Pushing The Envelope

The Faults of Hardware Token use in Commercial Thick Client Software
This should be a fun and fairly straightforward example
of DRM via obfuscation with some anti-debug, anti-tamper, anti-vm, etc.
leveraging a rather common commercial hardware cryptographic device that
one can pick up from ali express for like... 15 bucks a piece or less.

It is by no means a sophisticated envelope, but employs some interesting
mechanics that may be easier to attack prior to taking something on that's
a bit more intense (e.g. HASP SRM, VMProtect SenseLock Edition, etc.)

Background


I was recently asked to look into an obscure piece of Windows software that leveraged a cryptographic token (USB dongle) where the executable itself goes through some form of pre-processing and is packed and encrypted to deter use without the dongle. The software no longer works on Windows 10 (probably due to some failure in the envelope protection logic.)
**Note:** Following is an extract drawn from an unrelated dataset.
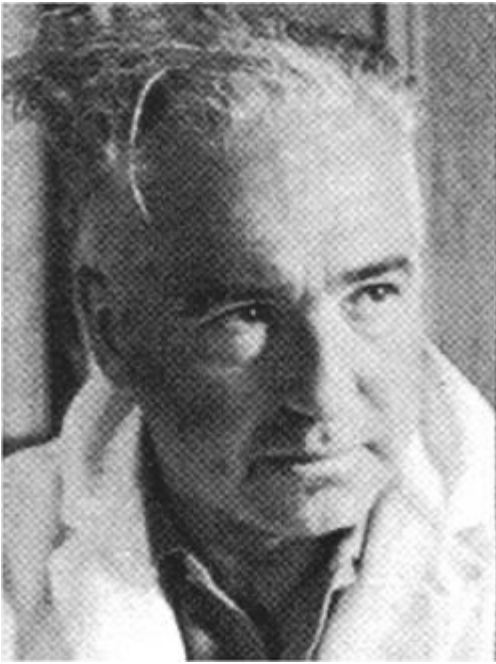
//-- Вильгельм Рай --//
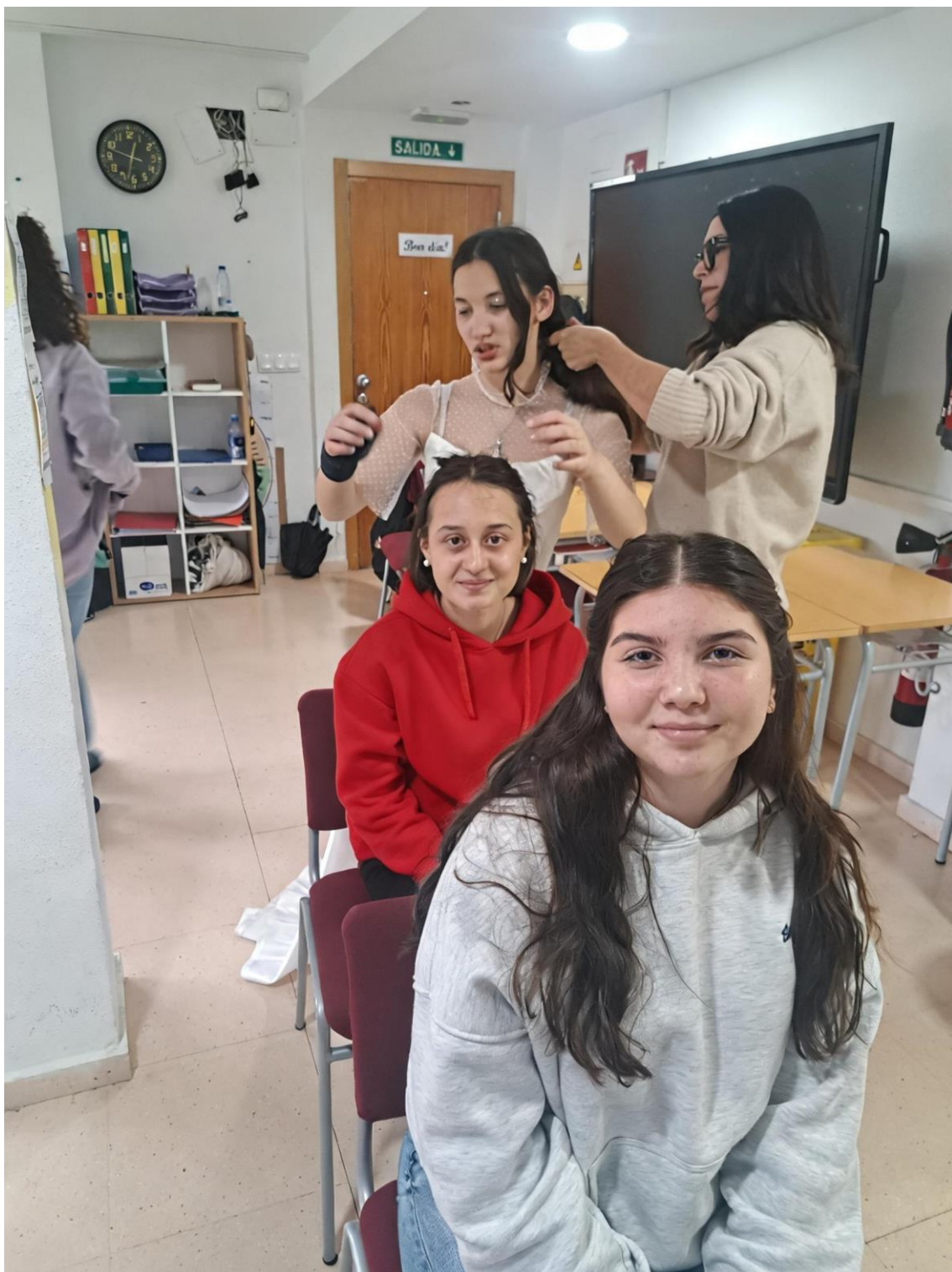
AULA UET, TALLER HABILITATS SOCILAS I COMUNICACIÓ A TRAVÉS DEL TEATRE I L'ACTUACIÓ SESSIÓ 11

In reality, these envelopes are used partly in an attempt to protect the dongle code from removal as something like:

if(!dongle_present()){exit();}

is pretty easy to patch out.

Some other cases:

  • Hide Hardcoded secrets (yuck)
  • Hide unreleased features
  • Deter or complicate software duplication.

In the past, my colleagues and I have looked at several hardware-assisted packed binaries of which not many variants exist. It stands to reason considering packer code authoring is becoming a lost art relegated these days primarily to crackme enthusiasts or malware authors; adding a hardware component that at the very least needs to communicate via HID complicates any packer model and significantly increases the attack surface for relatively little benefit.

This particular sample, however, was interesting as it seemed to not be the usual AKS/HASP SRM envelope or VMP envelopes, but a cheaper offering also from Senselock.


The Hardware


Enter the Senselock LC; also known as the Clave 2. This budget-level hardware crypto token isn't as flashy as the Elite EL models, doesn't have a robust API, can't execute user-created custom firmware - it's definitely "entry-level".

The Gist:

  • 2KB flash memory for built in storage.

  • Remote update of this memory area through the API and "update packages".

  • AES128 bit crypto with a burned in non-configurable hardware key.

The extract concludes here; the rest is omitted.